Fester and I fed the remaining pigs. We fed the Thing sisters. We fed the chickens. I walked the perimeter of the property to check my live traps. I had caught two angry squirrels in the night. I was not about to start eating squirrel, so I let them go. I kept hoping for rabbits. In all the books I read, the quick-breeding of rabbits made them id
eal for survivalists.
After I checked on the animals, I busied myself around the house. I swept and mopped the wood floors, and plugged in a vacuum to do the rugs. The solar panels and battery array Twist set up were keeping us supplied with enough power to run a lot of our electrical items. How Twist figured out how to make solar power work is beyond me, but he spent several weeks reading books at night about electrical wiring and solar kits. He said that some people back before the Flu had such good solar power that they were able to kick energy back into their local grids, and then their power companies had to cut them checks for the surplus every month. I just looked forward to him getting enough power running through the house that we can have all the electrical power we need. A year ago, I was living by candlelight and scrap-wood fires in a Brooklyn flat. Now, I had a nice, big house in a beautiful part of Texas with electrical lights and a vacuum. It seemed so crazy to me. A year ago, I would have gladly cut off one of my toes to have a working TV again just to break up the boredom. Now, I have one. Granted, there is no more over-the-air television or cable, but at least we have a massive DVD collection. I don’t take power for granted anymore. Every time I flip a light switch in the bedroom and the room is illuminated with clean, bright, white light, I say a silent prayer of thanks.
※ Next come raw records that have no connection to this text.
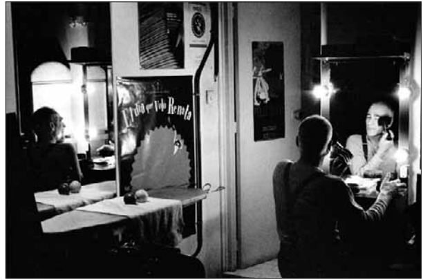
En el camerino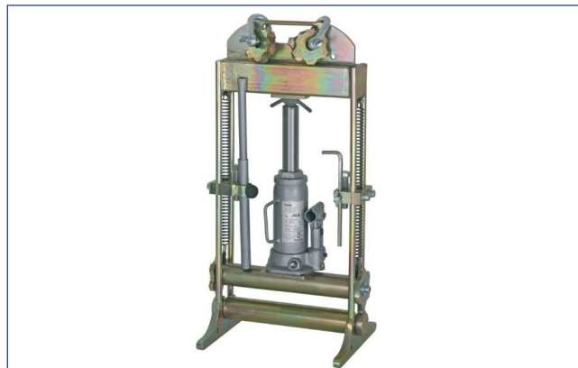
Outil d'écrasement hydraulique/Schiacciatubi idraulico Ø 75-160 mm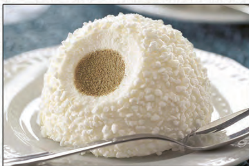
184/ TARTUFO BIANCO E NERO €4,00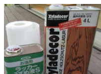
木部専用塗料 キシラデコール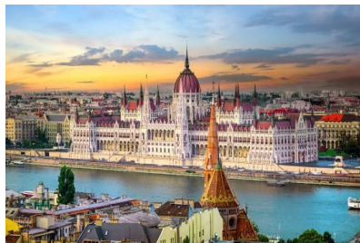
Parlament w Budapeszcie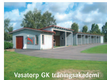
Vasatorp GK träningsakademi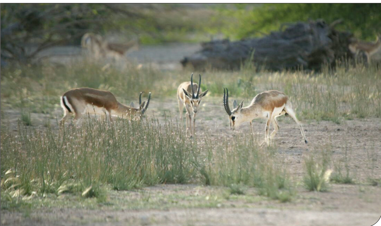
حفاظت داوطلبانه در برخی مناطق آزاد یزد و کرمان از سال ۱۳۸۹ شروع شد، شش سال بعد آنها به‌شکل رسمی عنوان «قرق اختصاصی» دریافت کردند؛ عنوانی که از سال ۱۳۴۶ در قانون شکار و صید مطرح شده بود. ولی دستورالعمل‌های مرتبط با آن تصویب نشده بود. از همین زمان انتقادات به آنها شدت گرفت و دو طیف موافقان و مخالفان روبه‌روی هم ایستادند. موافقان از قرق‌ها به‌عنوان ضرر به‌گیر مناطق چهارگانه نام می‌برند و در مقابل مخالفان می‌گویند قرق‌ها بخشی از حیات‌وحش مناطق را به خود جذب می‌کنند و به‌این‌ترتیب، آمارشان را بالا نشان می‌دهند و براساس همین آمار غیرواقعی پروانهٔ شکار دریافت می‌کنند. باوجود اینکه تنها پنج قرق اختصاصی مجوز فعالیت دریافت کرده‌اند و بیش از ۲۰ منطقهٔ دیگر در انتظار تصویب به‌عنوان قرق اختصاصی یا حفاظتگاه مردمی هستند، اما هنوز اختلافات میان موافقان و مخالفان ادامه دارد. در ادامهٔ همین بحث‌ها، هفتهٔ گذشته نشست با عنوان «حفاظتگاه‌های خصوصی و قرق‌های اختصاصی در ایران: چالش‌ها و راهکارها» در دانشکدهٔ منابع طبیعی دانشگاه تهران برگزار شد و دو طیف موافق و مخالف بار دیگر در یک فضای دانشگاهی دغدغه‌هایشان را مطرح کردند.

انتقاد مدیرکل دفتر حیات‌وحش سازمان حفاظت محیط زیست: جامعهٔ دانشگاهی به‌جای تخطئه، راهکار بدهد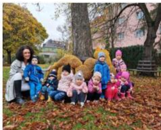
2. Setkání s panem myslivcem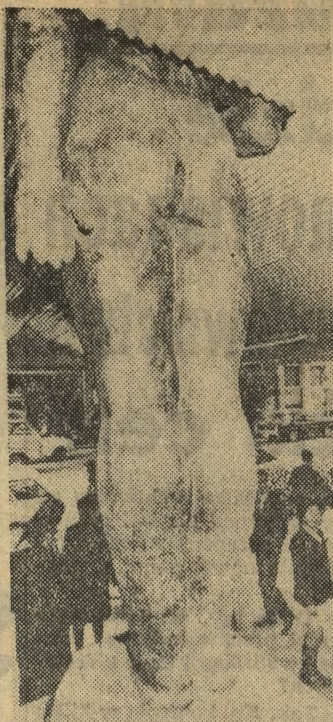
Przechodnie spoglądają zdziwieni i rozbawieni na posąg, który „wyrósł” niedawno w tokijskiej dzielnicy handlowej Ginza. Ścisła rzecz biorąc, widoczna jest tylko dolna część figury (na zdjęciu) — reszta znajduje się... na drugim piętrze Galerii Sztuki, zastonięta przed oczyma ciekawych do chwili zakończenia prac przy urządzaniu wystawy.

LISTY MIŁOSNE DAWNYCH POLAKÓW. Oprac. Michał Mislorny. WL 1971. Cena 13 zł.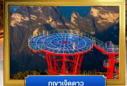
ภูเขาเจ็ดดาว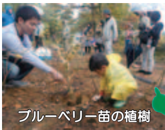
ブルーベリー苗の植樹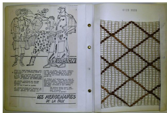
Quand Dalle prend le train de la mode « jeune » en marche, les tissus « militaires » reprennent du galon (années 1980).

Parmi les grandes entreprises rubanières de notre région, « Dalle & Cie », située à Wervicq-Sud, s'est fait une spécialité dans le ruban décoratif et, plus particulièrement, dans le domaine de la passementerie. Mais elle fut aussi la créatrice de pièces de tissus en tous genres. A sa grande époque, elle aura, en plus d'une salle d'exposition de prestige à Paris (boulevard de Sébastopol), une autre usine à Saint-Etienne.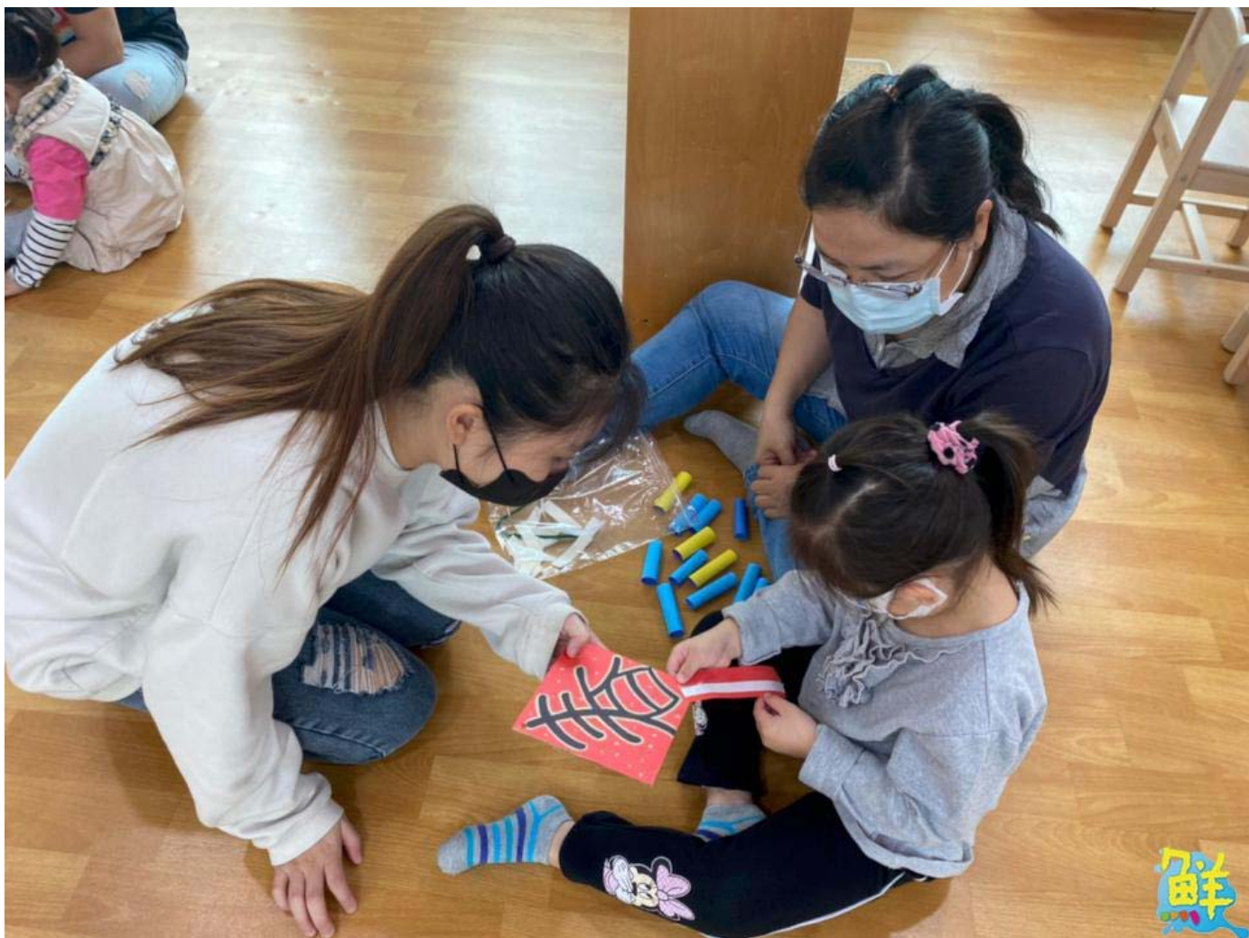
▲ 幼保系同學用心指導小朋友春聯的製作步驟與方法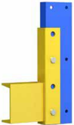
V3" x 3.5 lb/ft V3" x 4.1 lb/ft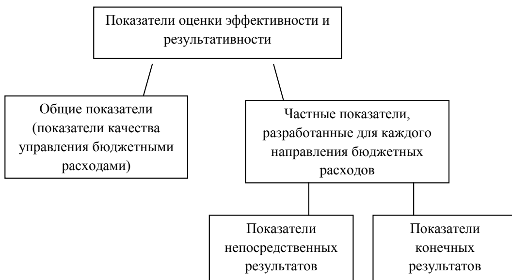
Рисунок 1 – Система показателей оценки эффективности и результативности бюджетных расходов

которые выражаются, по ниже представленному подходу, в социальных расходах. В системе показателей оценки эффективности и результативности можно выделить общие и частные (рисунок 1).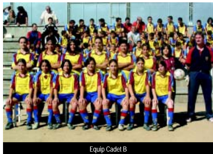
Equip Cadet B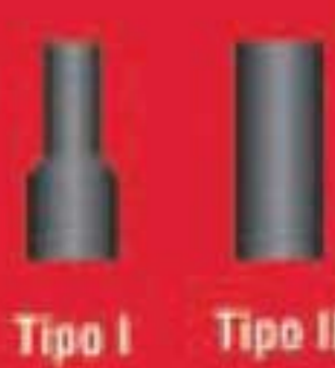
Tipo I Tipo II

• Cuadro hembra con ranura y barreno con la finalidad de colocar un perno y un anillo al trabajar con herramienta de poder.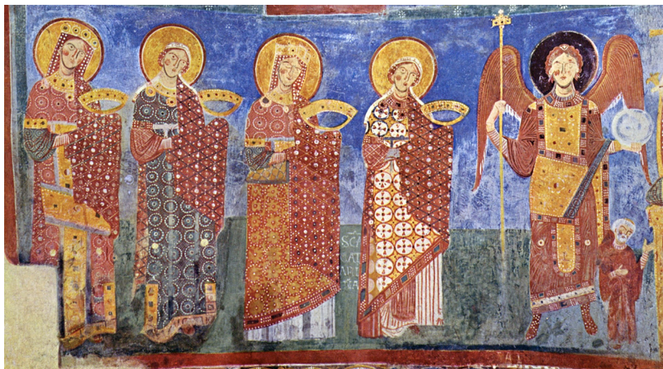
Fig. 22. Basilica di Sant'Elia (Sant'Anastasio) i Castel Sant'Elia, Italien. Slutningen af 1000-tallet. Fresko i apsis, nordsiden af den nedre billedzone, kvindelige martyrer og en ærkeengel (på ærkeenglens venstre side findes en delvist ødelagt, tronende Maria). Konstvetenskapliga arkivet, Åbo Akademi.

Basilica of Sant'Elia, in Castel Sant'Elia, Italy, late 11th century. Fresco in the lower, northern register of the apse, showing female martyrs and an archangel (on the archangels left side the enthroned Virgin Mary, partly destroyed).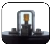
Tappo di protezione e Valvola carico gas Costruita in Acc. Inox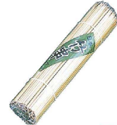
④ 竹製角串 (200本入) 入販 (DKS-04)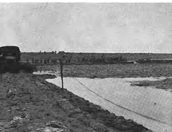
Aanleg van de nooddijk te Rilland.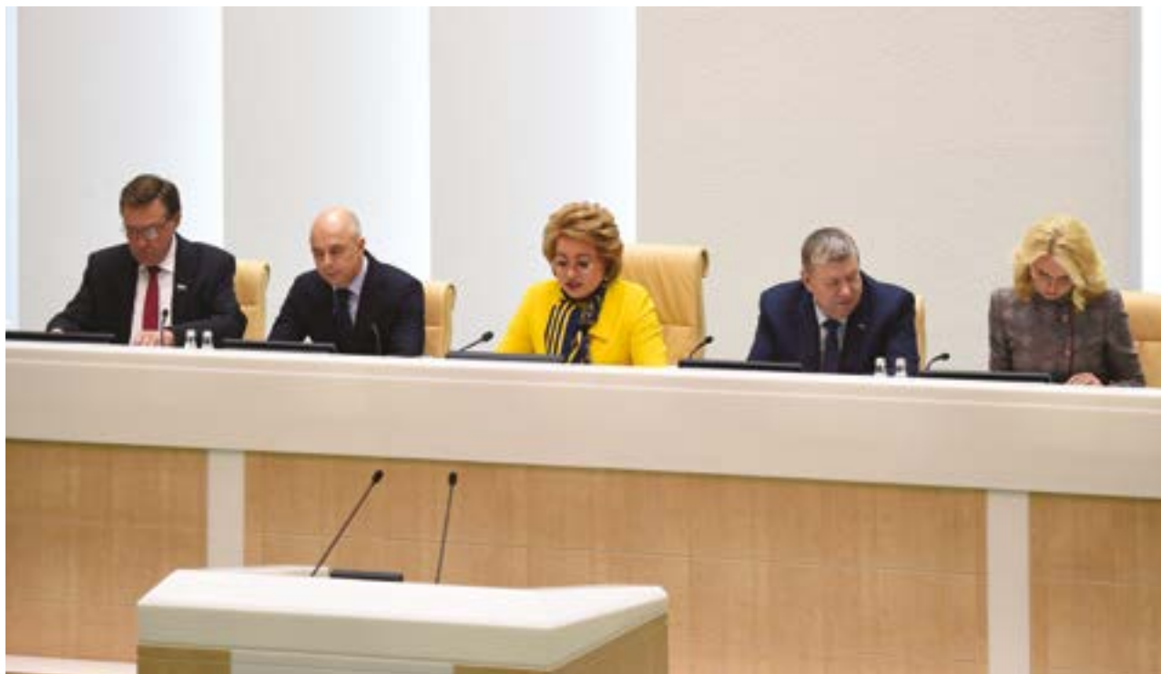
Парламентские слушания в Совете Федерации по теме «О параметрах проекта федерального бюджета на 2018 год и на плановый период 2019 и 2020 годов»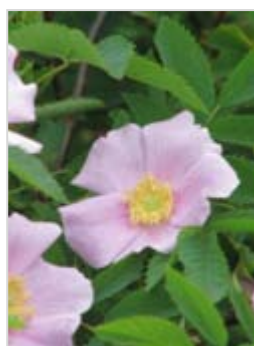
Vlevo růže bedrníkolistá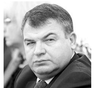
НА ФОТО: НЕПОДСУДНЫЙ ЭКС-МИНИСТР

На пленарном заседании Госдумы заместитель председателя фракции КПРФ Анатолий ЛОКОТЬ призвал депутатов начать парламентское расследование в отношении экс-министра обороны Анатолия СЕРДЮКОВА.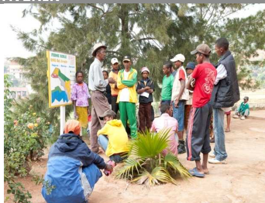
Des jeunes bénéficiaires à la ferme-école

Les programmes de ces séjours sont composés de visites pédagogiques, activités ludiques, exercices au développement de l'esprit communautaire et civique, animations de promotion de la lecture et publication de contes pour enfant véhiculant la culture malgache.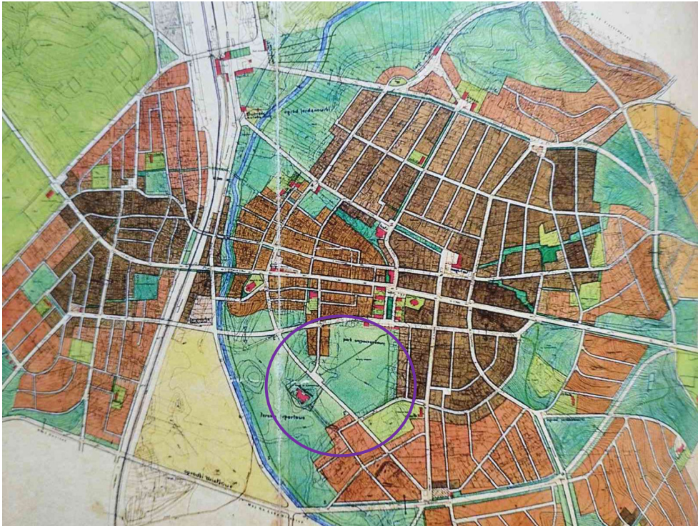
Рис. 4. Генеральний план м. Рівне 1936 р. Конкурсний проєкт № 7. Архітектори М. Буцкевічувна, В. Вечоркевич. Виділено локалізацію палацово-паркового комплексу князів Любомирських та прилеглу територію, яка підлягала благоустрою відповідно до пропозицій генерального плану [2, С. 30]

Авторка в контексті розгляду генплану 1936 року також подає детальний опис проєктної ландшафтно-рекреаційної зони, яка була значною за протяжністю і формувалася вздовж русла р. Усті (рис. 4).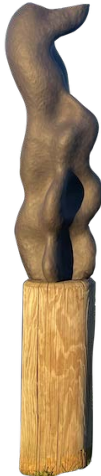
Sans Titre 2022 œuvre unique Sculpture grès noir, 80 x 22 cm présentée en extérieur

L'incertitude est primordiale dans le travail d'Olga Sabko. Son œuvre ne prétend pas à l'exactitude et elle décharge ses sculptures de toute responsabilité. Suggérant une impression de mouvement perpétuel, les formes qui sont données à voir ne sont pas définitives. Elles sont l'expression d'un mouvement constant à travers plusieurs dimensions visuelles et sensibles,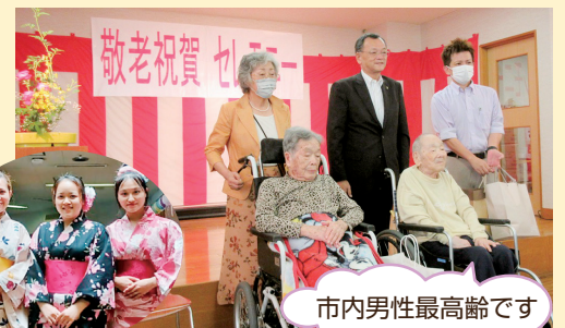
市内男性最高齢です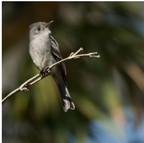
Burlisto copetón ( Contopus fumigatus )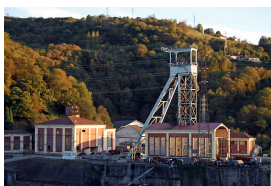
Castillete Pozo Candín II, La Felguera

Una vez que lleguemos arriba —PK. 8, donde la parada del bus— veremos que, en el lado izquierdo de la carretera por la que hemos subido hay un bar de mismo nombre que el pueblo. Este será el punto de concentración para esperar a los demás participantes de la ruta mientras picamos algo, con alguna que otra sorpresa; como una secretaria que, a lo mejor, quiere demostrarnos sus dotes.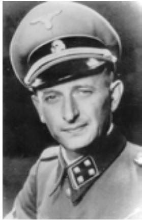
Adolf Eichmann (1906-1962)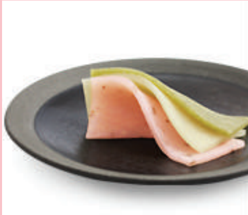
Nama Yatsuhashi 250เยน~/185กรัม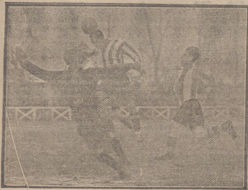
OPORTUNO REMATE DE JULIAC, QUE VALIO AL DEPORTIVO LOGROÑO SU SEGUNDO TANTO.

El anuncio en este periódico es la más eficaz propaganda de los productos y el incremento de las ventas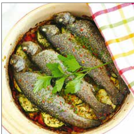
Gyorsan elkészíthető pizstrángétel

Ha összeállt, másfél-két óra alatt a duplájára kell kelesztenünk. Ezután kettéválasztjuk és hosszúkára formázzuk a tésztát, amit a közepén egyszer megcsavarunk, majd sütőpapírra téve további 15-20 percig kelni hagyjuk. Közben előmelegítjük a sütőt 200 fokra, és körülbelül fél óra alatt készre sütjük benne a „kenyereket”.

My nesting instinct started kicking in a couple of weeks ago. I read about that in one of the pregnancy books I picked up. It’s apparently a common inclination of women heading toward childbirth. It is an overwhelming desire to clean things, get rid of detritus around the house, and prepare the home for the arrival of the child. My nesting was getting ridiculous. I wanted to sanitize everything. I had dozens of spray bottles of cleanser in my store home next door. I brought a couple of them over to the living house and started spraying down surfaces and scrubbing them a sponge. I heated water to boiling to kill any germs on the sponges first, and then I worked myself to near-exhaustion just preparing the house. It felt like nothing could be too clean. One of the pregnancy books I read said that the nesting instinct gets stronger when the baby gets closer to arriving. I hoped that wasn’t true. I was not ready for this baby to arrive, yet.